Flexport, a supply chain management solution, launched in San Francisco in 2014. Today, it’s raised $200 million in funding, expanded to 700 employees and opened an office in NYC. Global Account Executive Matthew Wendelken joined the team in 2016 and explained what the culture has been like ever since.

 

How would you describe your company’s culture?

Our culture is innovative, collaborative and fun.

 

How have you maintained culture growing?

As we continue to scale, maintaining our company culture becomes more challenging. I think a key part of our success has been simply due to trusting people. Flexport provides a lot of freedom to its people to come up with our own ideas and execute them. I truly feel empowered to make a lot of my own decisions and not wait for permission to try new things — this has fostered a culture of autonomy. Our business continues to be very dynamic, so we try our best to hire open-minded people. We need people with freight expertise, but they also have to have the right mindset. We also do an excellent job of celebrating small wins along the way, making sure to have fun and enjoy the journey as we go.

 

Stride Consulting
Image via stride consulting

In 2014, Stride Consulting was founded with five people and has since grown to 60 employees.
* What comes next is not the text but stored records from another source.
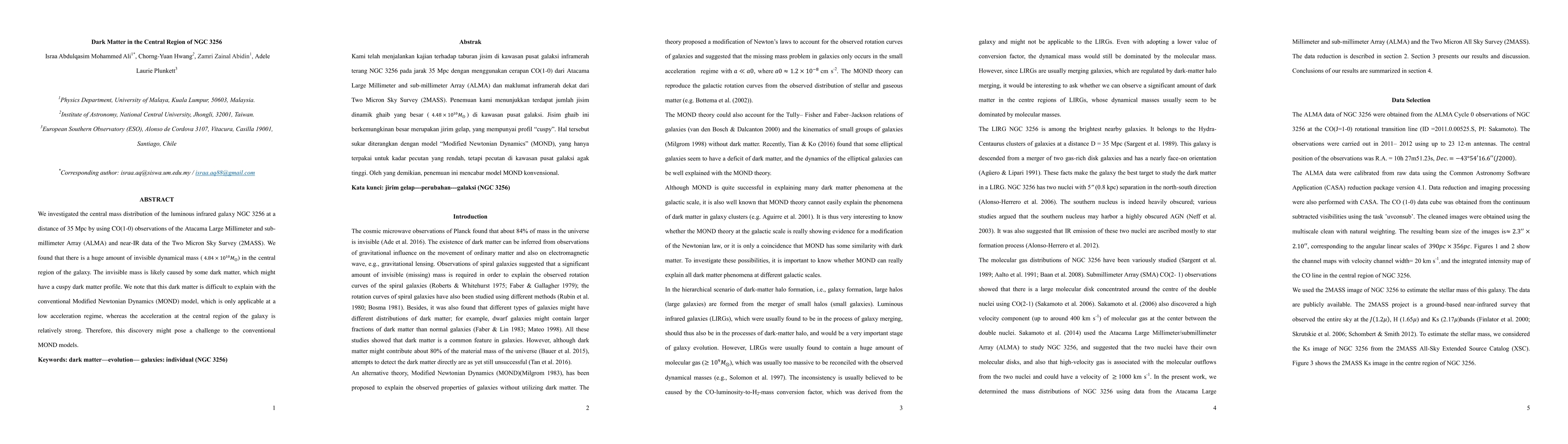 We investigated the central mass distribution of the luminous infrared galaxy NGC 3256 at a distance of 35 Mpc by using CO(1-0) observations of the Atacama Large Millimeter and sub-millimeter Array (ALMA) and near-IR data of the Two Micron Sky Survey (2MASS). We found that there is a huge amount of invisible dynamical mass ($4.84 \times 10^{10} M_{\odot}$) in the central region of the galaxy. The invisible mass is likely caused by some dark matter, which might have a cuspy dark matter profile. We note that this dark matter is difficult to explain with the conventional Modified Newtonian Dynamics (MOND) model, which is only applicable at a low acceleration regime, whereas the acceleration at the central region of the galaxy is relatively strong. Therefore, this discovery might pose a challenge to the conventional MOND models.
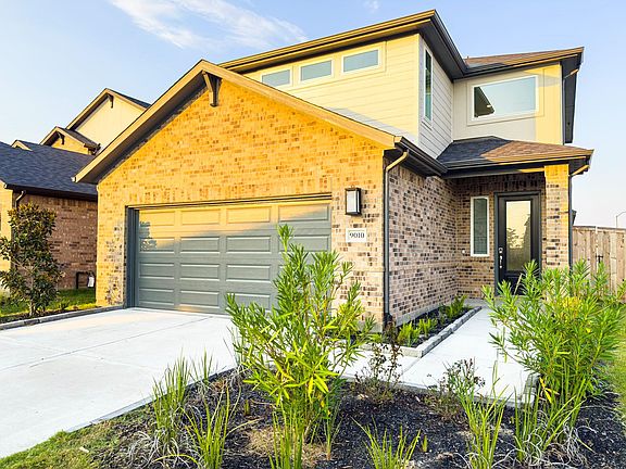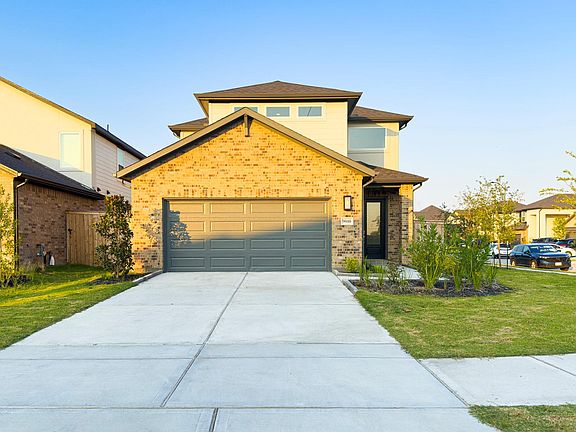 Stunning 4-bedroom, 3-bath, 2-story home situated on a desirable corner lot. Step inside to soaring high ceilings and elegant luxury vinyl plank flooring with rich wood texture throughout the main areas. The gourmet kitchen boasts quartz countertops, a spacious island, abundant modern white cabinets, and stainless-steel appliances. The open family room features tray ceilings, recessed lighting, and an upgraded ceiling fan, creating a warm and stylish gathering space. This thoughtfully designed floorplan includes 2 bedrooms, and 2 full baths conveniently located downstairs, including the primary suite with a walk-in shower, dual sinks, and walk-in closet. Upstairs offers a large Gameroom, a tech room, and 2 additional bedrooms. Enjoy outdoor living under the covered patio, with a sprinkler system for yard. Zoned to top-rated Excellent Schools! Quick access to SH-99. Don't miss your opportunity!
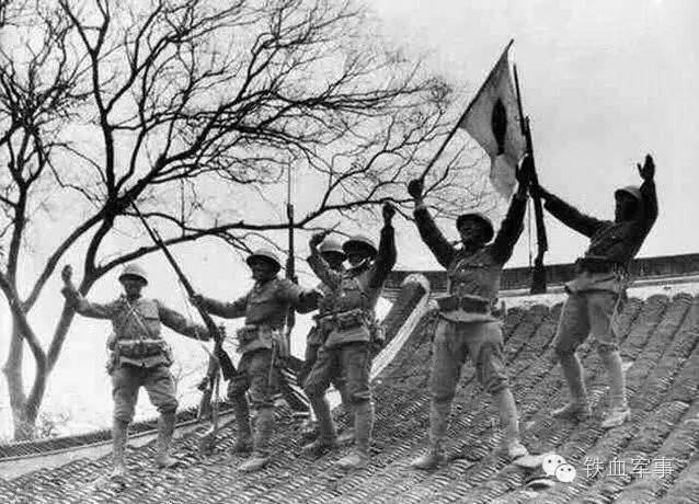 日军站在屋顶欢呼。
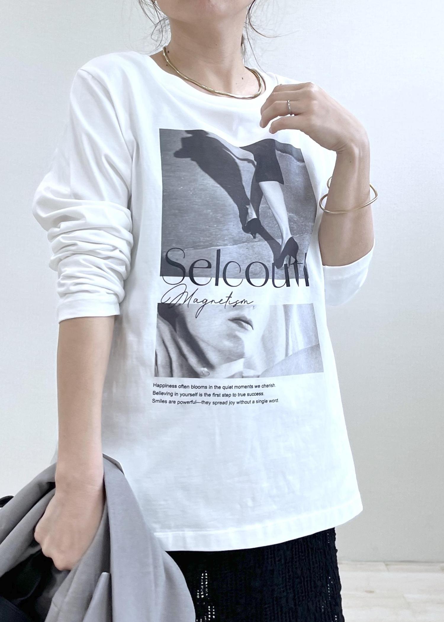 VISロゴ&フォトアソートプリントロンTホワイト / F¥2,633レビュー身体のラインを拾いすぎないすっきりサイズのロンTです。綿100%素材なので、パリッとした着心地です。着丈はお尻に少しかかるくらいの丈。何枚あっても困らないアイテムです。
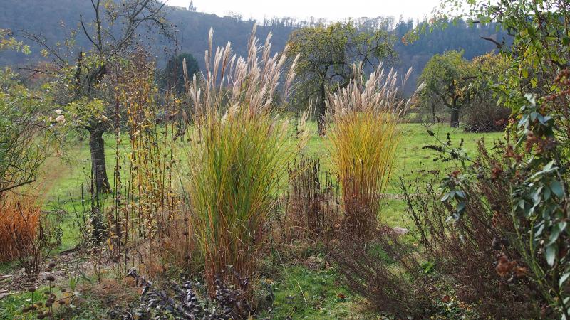 ... zu den beiden Miscanthus 'Grazillimus', die ich 2014 gepflanzt hatte und die ihre Blüten sehr hoch hinaus schieben.
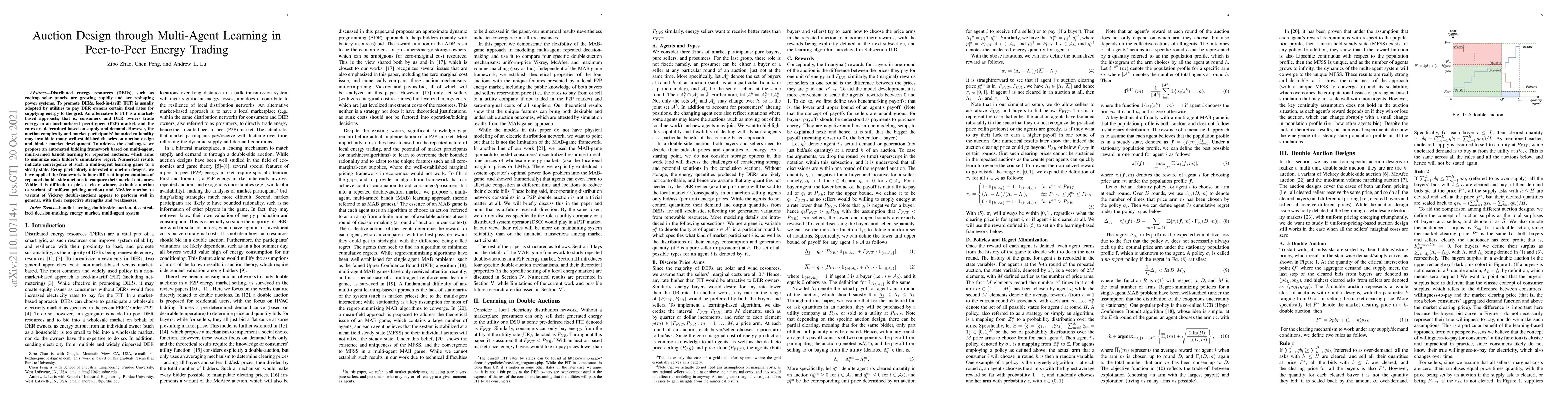 This paper proposes a multi-agent learning framework to design auctions for peer-to-peer energy trading, aiming to minimize cumulative regret through repeated auctions. The study compares four auction implementations, with the $k$-double and McAfee auctions showing promising performance.
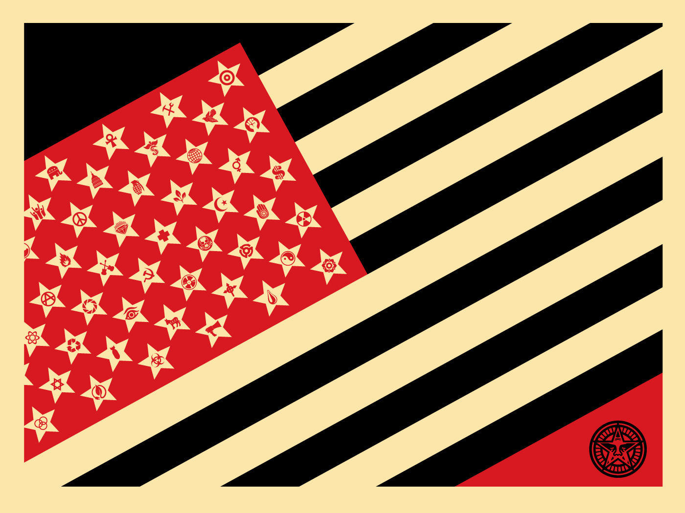 Prima di parlare del caso Hope, poster con soggetto Obama che influenzò la campagna elettorale del 2008, ci soffermiamo sui valori di Shepard Fairey che immortalò nella bandiera americana. Questi lavori sono ispirati a Jasper Jones, esponente del New Dada e primo artista a utilizzare la bandiera americana nell’arte. Shepard Fairey dispone la bandiera trasversalmente e trasforma le stelle, rappresentanti gli stati americani, in simboli in cui l’artista stesso crede fermamente: ambientalismo, pacifismo, rock and roll, proponendo un’interpretazione ed evoluzione di un simbolo univoco.
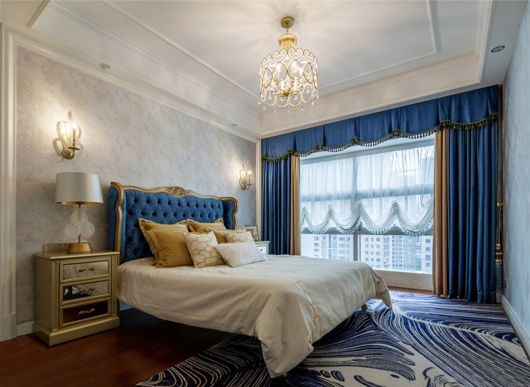 主卧选了一张蓝色宫廷风大床,更吻合空间主人的格调,衬托出古典家具的高贵与优雅。

COO Ken Judy, who joined the team this year, went over the company culture then versus now.

 

How would you describe your company’s culture?

Stride Consulting employees are inquisitive, collaborative and iterative. We are reorganizing how people manage consultants to better support their long-term growth. We researched alternatives across tech and with competitors, and decided to adopt a career sponsorship model. A subset of our managers worked to define the sponsors’ role, pilot it and identify coaching and leadership responsibilities we need to assign to new roles in our consulting teams. We are now incrementally rolling out these changes to the full company and will continue to experiment, retrospect and adjust as we go.

 

How have you maintained culture while growing?

We have work to do to maintain it as we continue to grow. At a smaller size, high trust, shared values and high performance arose through close working relationships and shared context. Even at our current size, we need to invest more intentionally in coaching and training. We need more disciplined practices around how we communicate and share knowledge. There’s room for us to be more strategic and efficient with how we use our consultants’ time away from their clients to improve our company.